La notte nasconde i ladri, che a giorno tornando,
Espero, mutato il nome, [in Eòo], spesso sorprende.
Con finta lagnanza alle fanciulle piace biasimarti.
Che importa se biasimano ciò che bramano in cuore?
O Imene, o Imeneo, vieni, Imene, o Imeneo.

Le fanciulle.
Come nasce segreto, in un chiuso giardino, un fiore
Ignoto al gregge e mai strappato dal vomero,
Che l’aria sfiora, il solo nutre e la pioggia cresce
Lo desiderarono molti giovani e molte fanciulle:
Strappato poi da tenue unghia, è sfiorito,
Più non piacque ad alcun giovane o a fanciulla;
Così la vergine, finché intatta resta, è cara ai suoi
Appena ha perduto il fiore, violato il corpo
Non resta piacevole per giovani, né cara a fanciulle
O Imene, o Imeneo, vieni, Imene, o Imeneo.

I giovani.
Come vedova vite, che nasce in nudo campo,
Mai si eleva, mai produce uva matura,
Ma chinando il debole corpo sotto il peso,
Alla radice il tralcio avvicina,
La trascurano coloni e giovenchi;
Ma se è stata maritata all’olmo,
La gradiscono agricoltori e giovenchi,
Così la giovane, che intatta resta, trascurata invecchia.

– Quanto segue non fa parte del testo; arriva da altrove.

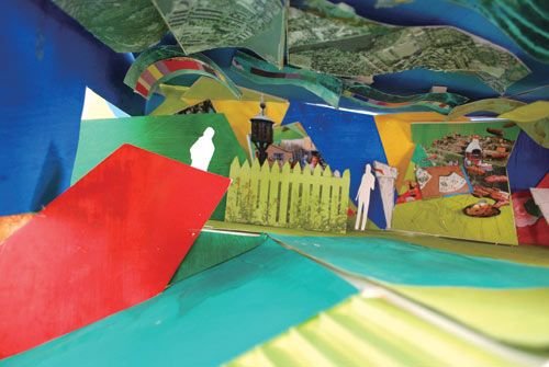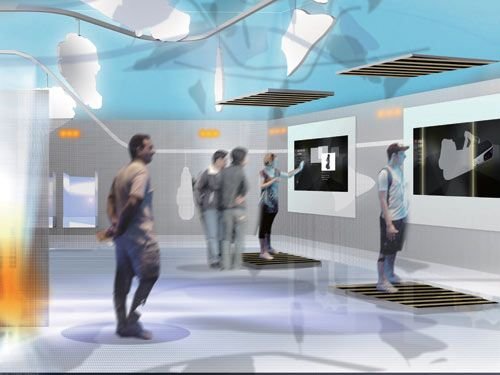 觀眾每二十人一組被請入展廳,穿過一個暗室,登上電動滾梯,之后穿行于一條隧道。頓時,“火車、汽車、公共汽車”交替出現,廣播報站聲,鳥兒啾啾鳴囀,水上蕩舟的孩子們歡樂的笑聲不絕于耳——當然,這只是一個用多媒體創(chuàng)意制作的美妙世界,指示著“你已進入德國城市”。

Quando al giusto tempo si sposa
È cara al marito e meno invisa al padre.
O Imene, o Imeneo, vieni, Imene, o Imeneo.
Ma tu non combattere con tale consorte
Non è concesso combattere colui al quale ti affidò il padre
Il padre stesso con la madre, cui si deve obbedienza
Il tuo fiore non tutto ti appartiene, ma anche ai genitori
Un terzo del padre, un terzo della madre
Solo l’ultimo è tuo: non puoi combattere contro due:
Con la dote ogni diritto hanno ceduto al genero.
O Imene, o Imeneo, vieni, Imene, o Imeneo.